School Fees Are Illegal

Guidelines for District Staff and Parents Regarding Student Fees, Donations and Fundraising III. Exceptions: Permissible Mandatory Fees/Charges/Deposits The following are specific exceptions to the prohibition on fees, charges and deposits at the kindergarten through 12th grade level (some legal provisions related to child care programs and adult education are not listed here). These fees, charges and deposits are legally permissible because they are specifically permitted by law. (Note: This list is based on legal authorizations, but the inclusion of a permissible fee, charge or deposit on this list does not necessarily mean that District schools currently assess the fee, charge or deposit).
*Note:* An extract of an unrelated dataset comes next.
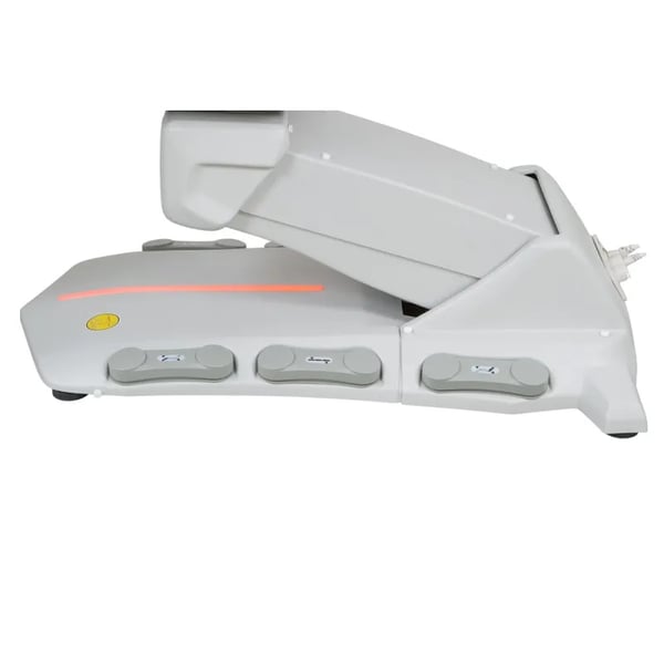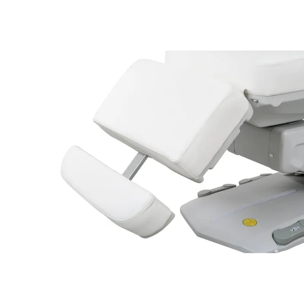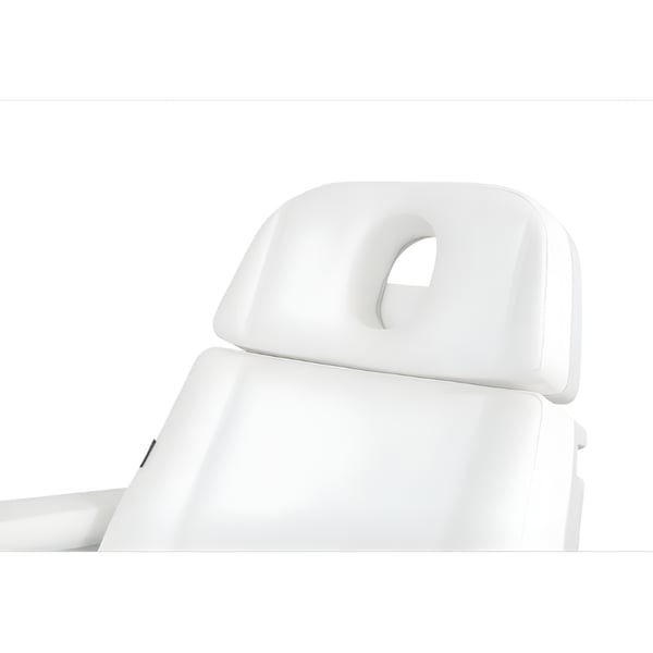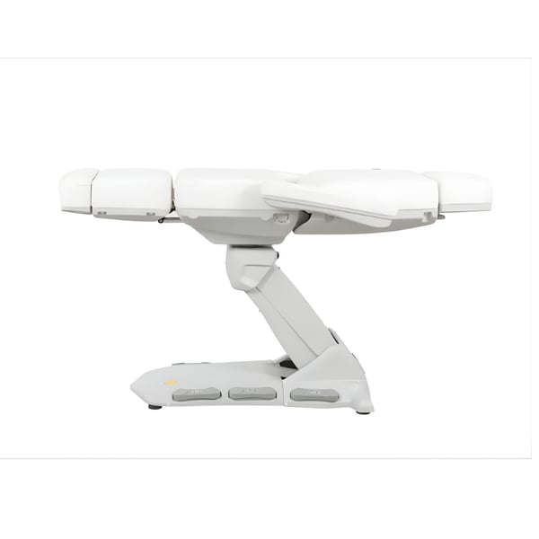 Este modelo incorpora sistema de calefacción integrado con temperatura regulable desde el mando, proporcionando una experiencia de tratamiento más confortable, especialmente en sesiones prolongadas. Su diseño incluye reposabrazos giratorios, reposacabezas extensible y reposapiés extensible, permitiendo una adaptación precisa a cada cliente.

The following fees, charges, and deposits are permissible: 1.Charges for optional attendance as a spectator at a school or District sponsored activity. (Hartzell, 35 Cal.3d 899, 911, fn. 14). 4.Fees for field trips and excursions in connection with courses of instruction or school related social, educational, cultural, athletic, or school band activities, as long as no student is prevented from making the field trip or excursion because of lack of sufficient funds. (Education Code § 35330(b)). 7.Charges for standardized physical education attire of a particular color and design, but the school may not mandate that the attire be purchased from the school and no physical education grade of a student may be impacted based on the failure to wear standardized apparel “arising from circumstances beyond the control” of the student. (Education Code § 49066). 9.Charges for the rental or lease of personal property needed for District purposes, such as caps and gowns for graduation ceremonies (Education Code § 38119). 10.Fees for school camp programs, so long as no student is denied the opportunity to participate because of nonpayment of the fee. (Education Code § 35335).
— March 20, 2010 10:08 a.m.

School Fees Are Illegal

Volume 30 For Publication Date: March 26, 2010 No. 6 Ask SSC . . . What About the Students Who Didn’t Help with the Fundraising Efforts for the Field Trip? Q. Every year near the end of the school year, our school’s 8thgrade class takes a trip to a theme park. The trip is optional for the students, and all fees are absorbed by the money generated through fundraising by the interested students. If a student wants to attend, but did not participate in the fundraising, can the district stop that student from attending the trip? A. Education Code Section 35330(b)(1) is the provision of law that states the following: No pupil shall be prevented from making the field trip or excursion because of lack of sufficient funds. To this end, the governing board shall coordinate efforts of community service groups to supply funds for pupils in need. (2) No group shall be authorized to take a field trip or excursion authorized by this section if a pupil who is a member of an identifiable group will be excluded from participation in the field trip or excursion because of lack of sufficient funds. The Code views the students who did not take part in the fundraising efforts, regardless of the circumstances, to be a member of the identifiable group. The 2009 edition of the Associated Student Body Accounting Manual & Desk Reference by the Fiscal Crisis and Management Assistance Team (FCMAT) comments further on the provision of law by adding “. . . nor may a student be left behind for failing or refusing to participate in fund-raisers.” FCMAT’s manual is considered by the school finance community to be a solid source of good business practices and sound, practical advice for the complex environment of student body operations. This implies that districts should not stop the student from participating in the trip to the theme park. Furthermore, the school has an obligation to find alternative sources to support the student in order for him or her to go on the field tr
— March 20, 2010 8:52 a.m.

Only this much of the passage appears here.